David Silver - Reinforcement Learning Note 1

Lecture: Introduction to Reinforcement Learning

About Reinforcement Learning

Characteristics of Reinforcement Learning

There is no supervisor, only a reward signal
Feedback is delayed, not instantaneous
Time really matters (sequential)
Agent’s actions affect the subsequent data it receives

The Reinforcement Learning Problem

Rewards

A reward \(R_t\) is a scalar feedback signal
Indicates how well agent is doing at step \(t\)
The agent’s job is to maximize cumulative reward
Reinforcement learning is based on the reward hypothesis

Reward Hypothesis Definition: The goals can be described by the maximization of expected cumulative reward.

If a problem cannot satisfy with the reward hypothesis, it cannot solved by reinforcement learning.

Sequential Decision Making

Goal: Select actions to maximize total future reward
Actions may have long term consequences
Reward may be delayed
It may be better to sacrifice immediate reward to gain more long-term reward

Agent and Environment

At each step \(t\) the agent:
- Executes action \(a_t\)
- Receives observation \(o_t\)
- Receives scalar reward \(r_t\)
The environment:
- Receives action \(a_t\)
- Emits observation \(o_{t+1}\)
- Emits scalar reward \(r_{t+1}\)
\(t\) increments at env. step

History and State

The history is the sequence of observations, actions, and rewards:

\[H_t = a_1, o_1, r_1, \dots, a_t, o_t, r_t\]

What happens next depends on the history:

The agent selects actions
The environment selects observations/rewards

State is the information used to determine what happens next.
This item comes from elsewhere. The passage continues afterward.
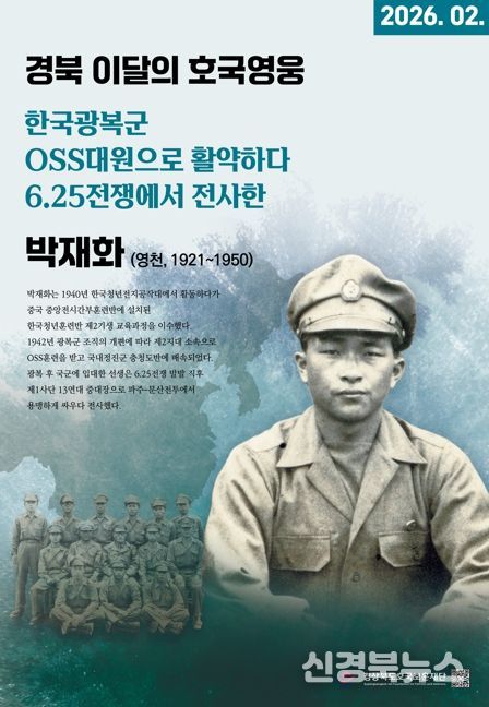 [신경북뉴스] 경상북도호국보훈재단은 2026년 ‘경북 이달의 호국영웅’ 2월의 주인공으로 영천 출신 박재화 선생(朴載華, 1921~1950)을 선정했다고 밝혔다.

Formally, state is a function of the history:

\[s_t = f(H_t)\]

Environment State

The environment state \(s_t^e\) is the environment’s private representation. The environment state is not usually visible to the agent. Even if it is visible, it may contain irrelevant information.

Agent State

The agent state \(s_t^a\) is the agent’s internal representation. It can be any function of history.
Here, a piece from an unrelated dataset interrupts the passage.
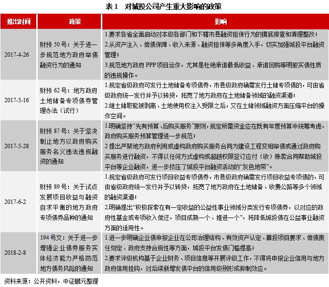 本文認為:市場各方對該段表述反應過度了。原因在于,相似的表述在2018年9月13日《關于加強國有企業資產負債約束的指導意見》(以下簡稱“《意見》”)中曾出現過。《意見》第五部分第五條明確指出:“對嚴重資不抵債失去清償能力的地方政府融資平臺公司,依法實施破產重整或清算,堅決防止‘大而不能倒”’,堅決防止風險累積形成系統性風險。” 事實上,從《意見》發布至今,尚未有任何一家城投公司出現過公募債券違約的情形,更不用說被依法實施破產重整或清算了。在AAA級國企“信仰”都被擊潰的情況下,城投債的“剛兌”仍然在持續。回望《意見》發布前不久已經公布的對城投公司產生重大影響的政策(見表1)可知,監管對于城投公司的態度在更早時候已經轉為從嚴從緊,以各種方式方法來遏制因城投公司投融資行為導致的地方隱性債務是由來已久的監管主線。因此,《意見》中提出上述較為嚴厲的監管舉措在彼時也并不超出市場預期,兩年多之后的國發“5號文”重申這一表述則更是在預期之內。

Information State (Markov State)

An information state (Markov state) contains all useful information from the history.

A state \(s_t\) is Markov if and only if

\[\mathbb{P}[s_{t+1}|s_t] = \mathbb{P}[s_{t+1}|s_1, \dots, s_t]\]

The future is independent of the past given the present. Once the state is known, the history may be thrown away. The state is a sufficient statistic of the future.

Fully Observable Environments

Full observability: agent directly observes environment state

\[o_t = s_t^a = s_t^e\]

Formally, this is a Markov decision process.

Partially Observable Environments

Partial observability: agent indirectly observes environment. Now \(s_t^a \neq \s_t^e\). Formally this is a partially observable markov decision process (POMDP).

Agent must construct its own state representation:

Complete history: \(s_t^a = H_t\)
Beliefs of environment state: \(s_t^a = (\mathbb{P}[s_t^e=s^1], \dots, \mathbb{P}[s_t^e=s^n])\)
Recurrent Neural Network: \(s_t^a=\sigma(s_{t-1}^a W_s + o_tW_o)\)

Inside an RL Agent

Major Components of an RL Agent

Policy: agent’s behavior function
- Its a map from state to action
- Deterministic policy: \(a=\pi (s)\)
- Stochastic policy: \(\pi(a \mid s) = \mathbb{P}[a_t=a \mid s_t =s])
Value function: how good is each state and/or action
- It is used to evaluate the goodness/badness of states
Model: agent’s representation of the environment
- A model predicts what the environment will do next
- Transition model \(\mathcal{P}\) predicts the next state
- Reward model \(\mathcal{R}\) predicts the next reward

Value function:

\[v_\pi(s) = \mathbb{E}_\pi [R_{t+1} + \gamma R_{t+2} + \gamma^2R_{t+3} + \dots \mid s_t=s]\]

Transition model:

\[\mathcal{P}_{ss'}^a=\mathbb{P}[s_{t+1}=s' \mid s_t=s, a_t=a]\]

Reward model:

\[\mathcal{R}_s^a = \mathbb{E}[r_{t+1} \mid s_t=s, a_t=a]\]

Categorizing RL Agents

Value Based
- No Policy (implicit)
- Value Function
Policy Based
- Policy
- No Value Function
Actor Critic
- Policy
- Value Function
Model Free
- Policy and/or Value Function
- No model
Model Based
- Policy and/or Value Function
- Model

Problems Within RL

Two fundamental problems in sequential decision making.

RL and Planning

Reinforcement Learning
- The environment is initially unknown
- The agent interacts with the environment
- The agent improves its policy
Planning
- A model of the environment is known
- The agent performs computations with its model
- The agent improves its policy
  - a.k.a deliberation, reasoning, introspection, pondering, thought, search

Exploration and Exploitation

Reinforcement learning is like trial-and-error learning. The agent should discover a good policy. From its experiences of the environment, without losing too much reward along the way.

Exploration finds more information about the environment
Exploitation exploits known information to maximize reward

It is usually important to explore as well as exploit

Prediction and Control

Prediction: evaluate the future
- Given a policy
Control: optimise the future
- Find the best policy